Arugula, Pear, and Hazelnut Salad
This salad can be made in advance and pre-packed for lunches. The base is fresh arugula, topped with chopped pears, crumbled gorgonzola cheese, and toasted hazelnuts. Toss with a maple-dijon vinaigrette before eating. Each serving contains 8g of net carbs.
Mediterranean Salad
This salad contains feta cheese, sun-dried tomatoes, black or kalamata olives, basil leaves, and green onions on a base of mixed baby greens. Top with a homemade dressing of balsamic vinegar, olive oil, and minced garlic. Each serving contains 9.7g of net carbs.
Buffalo Chicken Salad
This salad is flavorful and filling, and each serving contains 9.7g of net carbs.
Classic Salads
Tuna salad, chicken salad, and egg salad on a bed of mixed greens with chopped cucumber and grape tomatoes, or as a sandwich filling between leaves of romaine lettuce, are all great options.
Chef Salad
This salad combines chicken, bacon, avocado, tomato, and cheese. Each serving contains 3.9g of net carbs.
French Bistro Salad
This salad combines sautéed bacon, creamy gruyere cheese, and a fresh lemon vinaigrette dressing. Each serving contains 4.8g of net carbs.

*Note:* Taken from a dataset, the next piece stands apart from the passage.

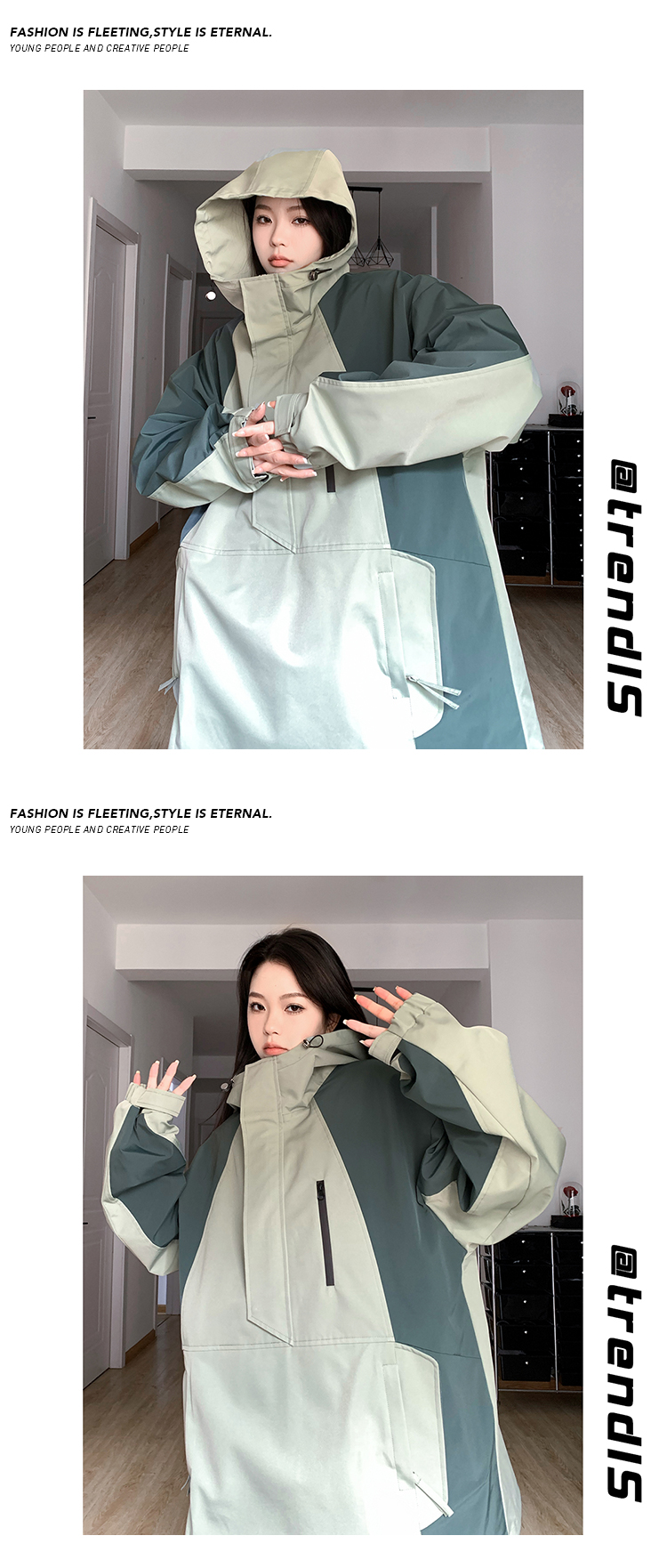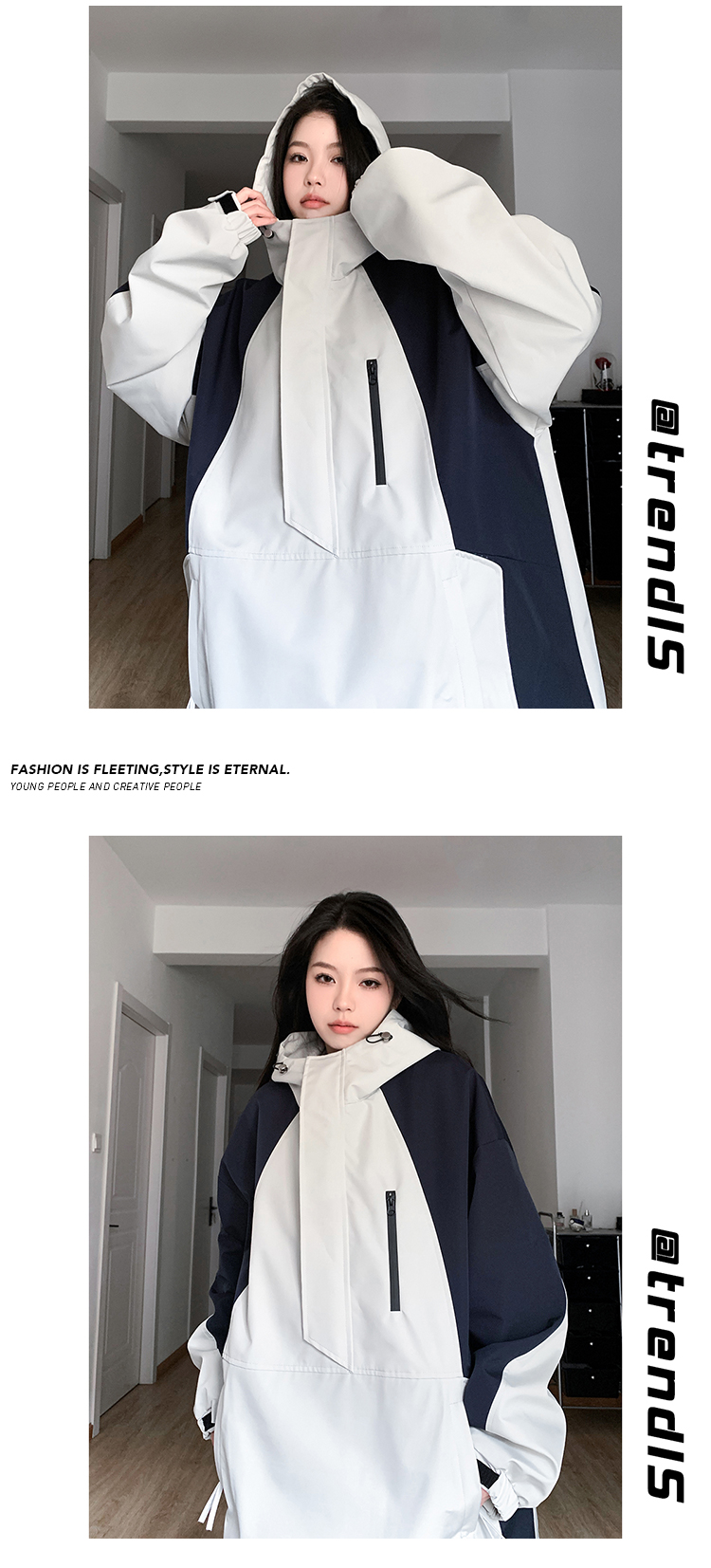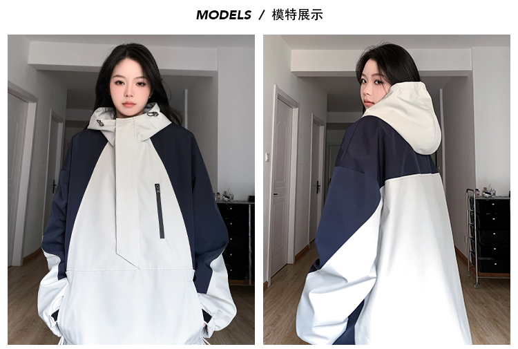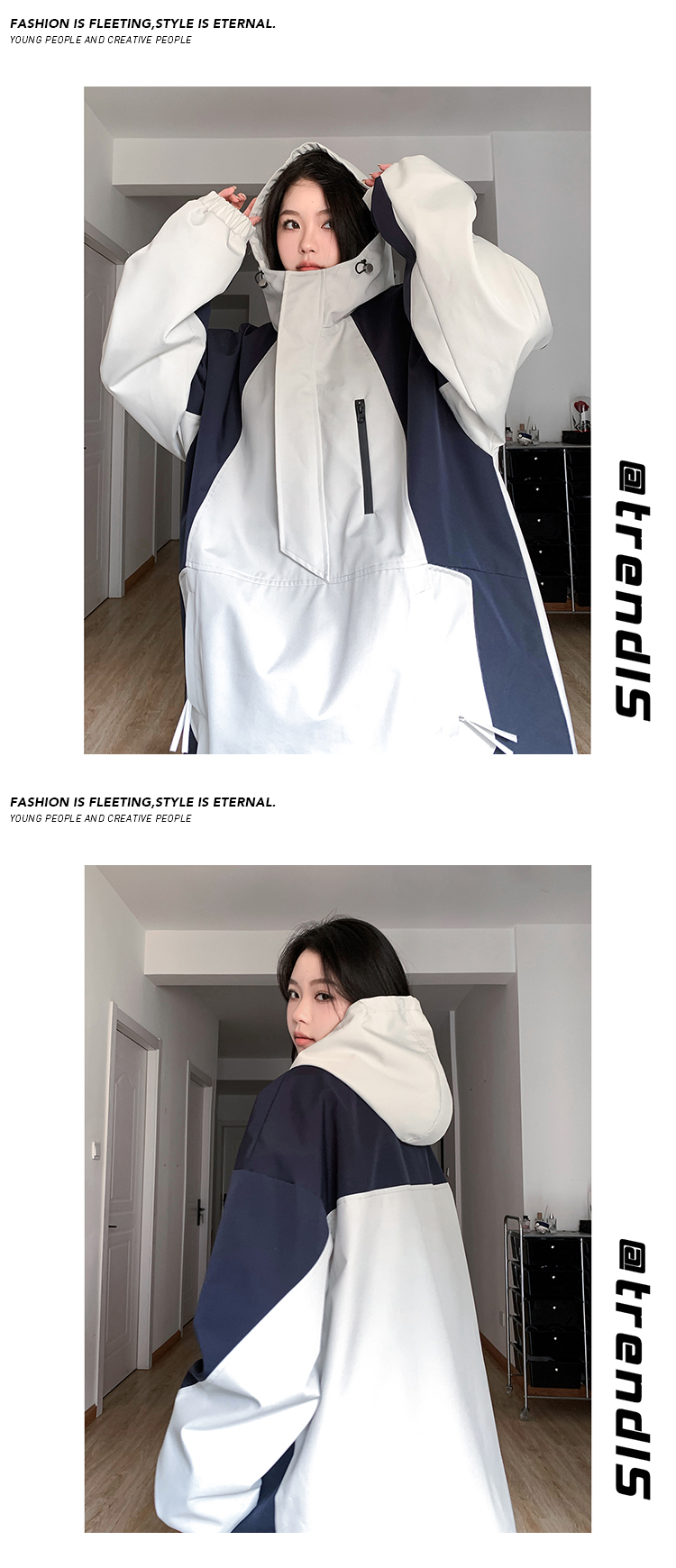 國潮機能風衝鋒衣外套高級感設計感vintage撞色拼接連帽運動衫夾克

Taco Salad with a Low-Carb Tortilla Bowl
Brush half a teaspoon of olive oil on a low-carb tortilla, then mould and bake to hold its bowl shape. A tortilla salad bowl contains 3g of net carbs, and each serving of the taco salad contains 4g of net carbs.
Remember to watch out for salad dressings, as these can be high in carbs. It's also a good idea to prepare and pre-pack your veggies in advance, so you have instant access to a variety of veggies for your salads.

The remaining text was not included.